Dat kan een bekend muziekfragment zijn, maar ook geluid van een bouwplaats. En zo kan het apparaat nog veel meer beperkingen opleggen, zoals een set noten of een thema (,,dat kan een woord zijn, maar ook een gedicht”). De ImproMachine kan ook ter plekke grafische notaties genereren die richting geven aan het spel.
De ImproMachine genaamd 'John'. Foto: Jan Willem van Vliet
En dan is er nog een grote dobbelsteen. ,,Het aantal ogen kan bijvoorbeeld het aantal tonen bepalen dat elk van de spelers mag gebruiken.” Het resultaat: voorafgaand aan elke improvisatie is er een in potentie oneindig scala aan muzikale mogelijkheden, dat door middel van toeval wordt ingeperkt en gestuurd.
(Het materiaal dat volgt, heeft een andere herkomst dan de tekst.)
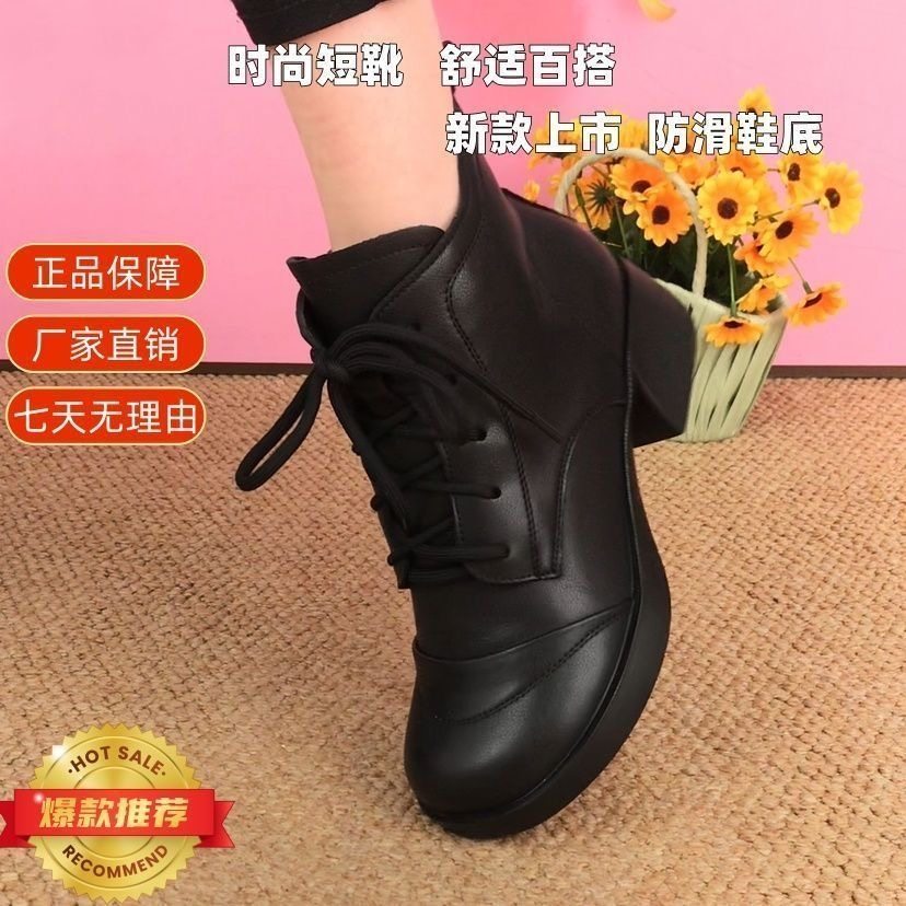 2025冬季真皮英伦马丁靴女短靴系带粗跟时尚百搭加绒靴子妈妈皮鞋

,,Het doel is ruimte en vrijheid te scheppen voor studenten zodat ze op een andere manier met muziek in contact komen. Speelsheid opwekken. Zodat ze zich afvragen: wat is muziek eigenlijk? En wat betekent het voor mij? We leven in een tijd waarin heel veel zaken cultureel erg vastliggen of van bovenaf worden opgelegd. Dat wil ik openbreken.”
Sturing door opnames
Oosterhaven ziet zijn studenten tijdens de improvisatielessen letterlijk opleven, of ze nu klassieke muziek studeren of jazz. ,,Als ik een les zou beginnen door te zeggen: ‘Begin maar te improviseren’, dan komt er niet veel. Een jazzmuzikant zal nog wel wat kunnen, maar ook die valt al snel terug in clichés, door bijvoorbeeld bekende bebobpatronen te gaan matchen.”
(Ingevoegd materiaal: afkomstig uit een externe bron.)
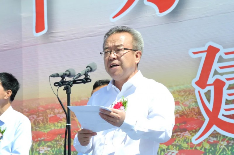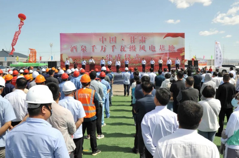 酒泉市委书记吴仰东在建成仪式上讲话,并宣布酒泉千万千瓦级风电基地建成。
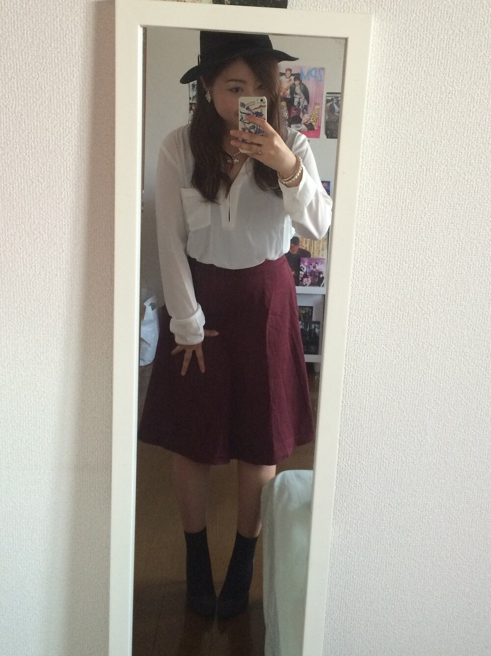 今日は夏戻りみたいに暑いのでTシャツにしちゃおうかと思ったけど、友達とお揃いで買ったスケシャツにしました← その子がそれを着てて黒いハットというので私も少しお揃コーデ♡ 透けてるとはいえ、暑い(´∀`)

De bestaande structuren, je referentiekader, dat wat je al kent en wat je geleerd hebt, sturen heel erg hoe je muziek speelt en beluistert, zegt Oosterhaven. De overdaad aan opnames die de laatste decennia beschikbaar is gekomen, via streamingdiensten en videokanalen, heeft onze muzikale horizon enerzijds verbreed, maar tegelijk ingeperkt. Wie te veel afwijkt van het verwachtingspatroon, wordt al snel met scheve ogen aangekeken.
Een voorbeeld. ,,We vinden tegenwoordig dat bij klassieke muziek alles exact zo gespeeld moet worden als in de partituur is opgeschreven. Als je een nocturne van Frédéric Chopin speelt, is er nu zoveel auditief referentiemateriaal dat je minder kunt improviseren. In Chopins tijd was dat er niet en was er veel meer interpretatievrijheid.”
Vladimir Horowitz
Sinds ongeveer een halve eeuw geleden is de structuurdwang enorm toegenomen, zegt Oosterhaven. ,,Nu zeggen we over de uitvoeringen van Vladimir Horowitz: ‘Geweldige pianist, maar hij mist wel die en die noot.’ Musici van nu ervaren veel minder vrijheid om zichzelf te uiten in hun interpretatie. Daarbij speelt mee dat de muziekwereld heel erg publieksgericht is.”
Door het nastreven van exactheid en de nadruk op de commerciële aspecten van muziek is het pure plezier van muziek maken, het genieten ervan, in het gedrang gekomen. Juist daarvoor probeert Oosterhaven in zijn lessen weer ruimte te scheppen. ,,Experimenteren, ruimte openen voor individuele dingen, studenten leren nadenken over waarom ze muziek maken.”
De ImproMachine legt natuurlijk ook beperkingen op, maar die zijn heel anders van aard dan wat studenten gewend zijn. Ze worden niet bepaald door culturele conventies of bekende muzikale structuren maar door toeval.
,,Op het conservatorium ligt veel nadruk op het overdragen van wat eerder gemaakt is. Vaak wordt daarbij een doel gesteld dat bereikt moet worden; het is een leerlijn die recht omhoog voert. Je moet dit en dat. Daar is niks mis mee, maar het is voor de ontwikkeling van studenten ook belangrijk om zijwaarts te kijken en niet altijd maar vooruit.”
Muziekschool Sneek
Oosterhavens kijk op muziek is in sterke mate bepaald door zijn eigen ervaringen. Hij groeide op in Goënga en ging in Sneek naar de muziekschool. ,,Ik speelde basgitaar. De eerste twee jaar was dat geweldig. De docent speelde wat voor en ik speelde het na, zonder bladmuziek. Binnen een paar weken speelde ik nummers mee van Tower of Power, dat toen mijn favoriete band was.”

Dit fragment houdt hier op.